O som, ao vivo, era de responsabilidade de um cantor, um  sanfoneiro, um pandeirista e um baterista. Quase não se ouvia nada do lado de fora, porque nem amplificador aquele pessoalzinho  instalara.

No baile de sábado, lá pelas nove da noite, a rua ficou cheia de curiosos, mais dispostos a apreciar do que a participar da humilde festança.

No domingo de dia, também boa frequência .

E então ocorre o inesperado: morre um jovem residente no comecinho da Silva Jardim, a uns cem metros do salão de baile.

O locador do armazém ficou sabendo daquela morte, mas não se sentiu na obrigação de suspender a festa popular. O rapaz falecido, além de pertencer a família muito estimada na cidade, era  bom jogador do Rio Pardo Futebol Clube. Provavelmente alguém advertiu o improvisado empresário da incompatibilidade de se cantar A Jardineira, Touradas em Madri e outras marchinhas de sucesso enquanto a família e os muitos amigos do morto o velavam tão próximos.

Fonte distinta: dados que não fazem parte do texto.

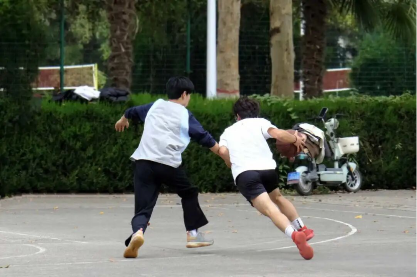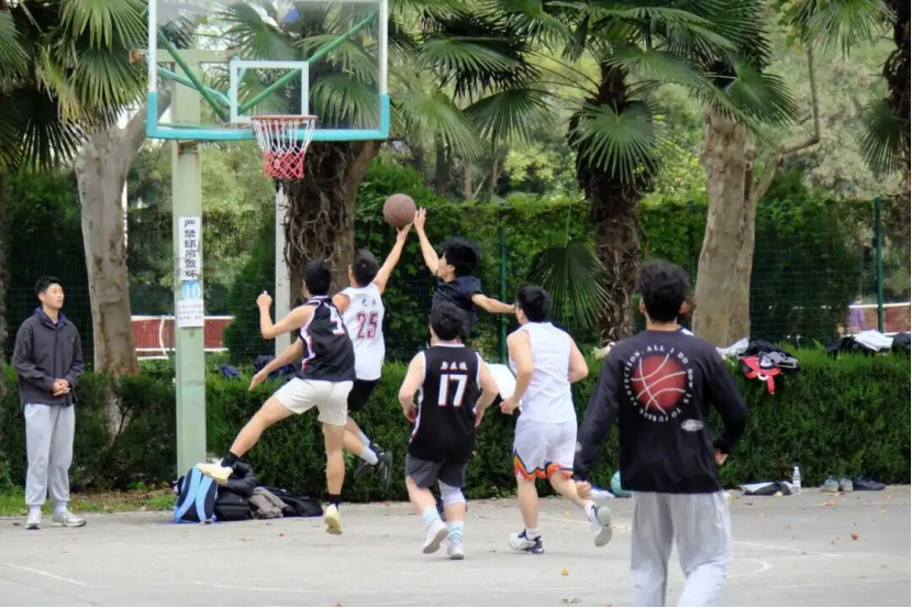 阳光洒满球场,篮球在指尖翻飞作响。队员们热身正酣,拉伸蓄力,浑身燃着斗志。随着裁判一声哨声,两场赛事同步拉开帷幕,球员们迅速进入比赛状态,展开激烈的对抗。

Mas pelo sim ou pelo não, o baile começou, para escândalo e revolta de muita gente. O pai do morto, corpulento homem de mais de cem quilos e acostumado à dura lide da ferraria instalada ali mesmo, não teve dúvida: foi à procura  do promotor do evento, pegou-o pelos colarinhos e lhe disse:

- Ou você para já com essa droga de baile ou eu te arrebento!

Claro que  acabou de vez o carnaval no armazém do comecinho da Siqueira Campos.

Ressalva:

Sei o nome do morto, do pai do morto, do tintureiro, mas não vejo necessidade de revelar isso. Também  não quero que se encare este relato como um episódio documentalmente histórico, mas apenas a reminiscência  que guardei comigo, sem a discutir ou conferir com ninguém.

 

A VEZ DO LEITOR

Não deixa de ser animador receber comentários verbais ou escritos sobre o que escrevo. É bom saber que de diferentes modos as pessoas apreciam e analisam os assuntos tão díspares de que eu aqui trato.

Exemplo: outro dia, ouvi de quem menos esperava um pedido incomum. Disse-me o bem-sucedido agente de seguros:

- Apreciei muito aquele seu artigo sobre as frases célebres de autores latinos. Fiquei encantado com a brevidade e com a precisão delas. Tirei cópias daquilo tudo e as distribuí a meus amigos, funcionários e clientes. Agora espero que você faça o mesmo com autores gregos.

Quase caí de costas, mas prometo pesquisar sobre o assunto. Apenas Sócrates, Aristóteles e Platão com certeza darão matéria para crônicas e crônicas.

A conterrânea exilada em São Paulo pergunta de onde eu tirei os dados do artigo sobre a república brasileira. Explico que daqui e dali, inclusive de lá do fundo da memória exercitada desde o grupo escolar.

 “Eu não sei direito nem o ano do descobrimento do Brasil”, exagera a internauta.

                                                    *******

Encontrando-me na rua com o ex-aluno Sérgio Catalano, comentei com ele:

- Na festa do centenário da Gazeta do Rio Pardo, você foi todo engravatado, todo produzido...

Ele ficou sério e me revelou:

- Fui de paletó, gravata e um discurso pronto no bolso...

- E por que você não o leu?

- E a coragem?... Eu tremia como vara verde e não consegui pedir a palavra. Eu tenho muita coisa para agradecer à Gazeta. Foi lá que me deram meu primeiro emprego. Naquele tempo ninguém empregava deficiente físico. E eles me aceitaram. Sou muito grato a eles.

Então fica aqui a sugestão ao Gilmar, ao Rodolpho, à Natália:

- Publiquem o agradecimento de Sérgio Catalano!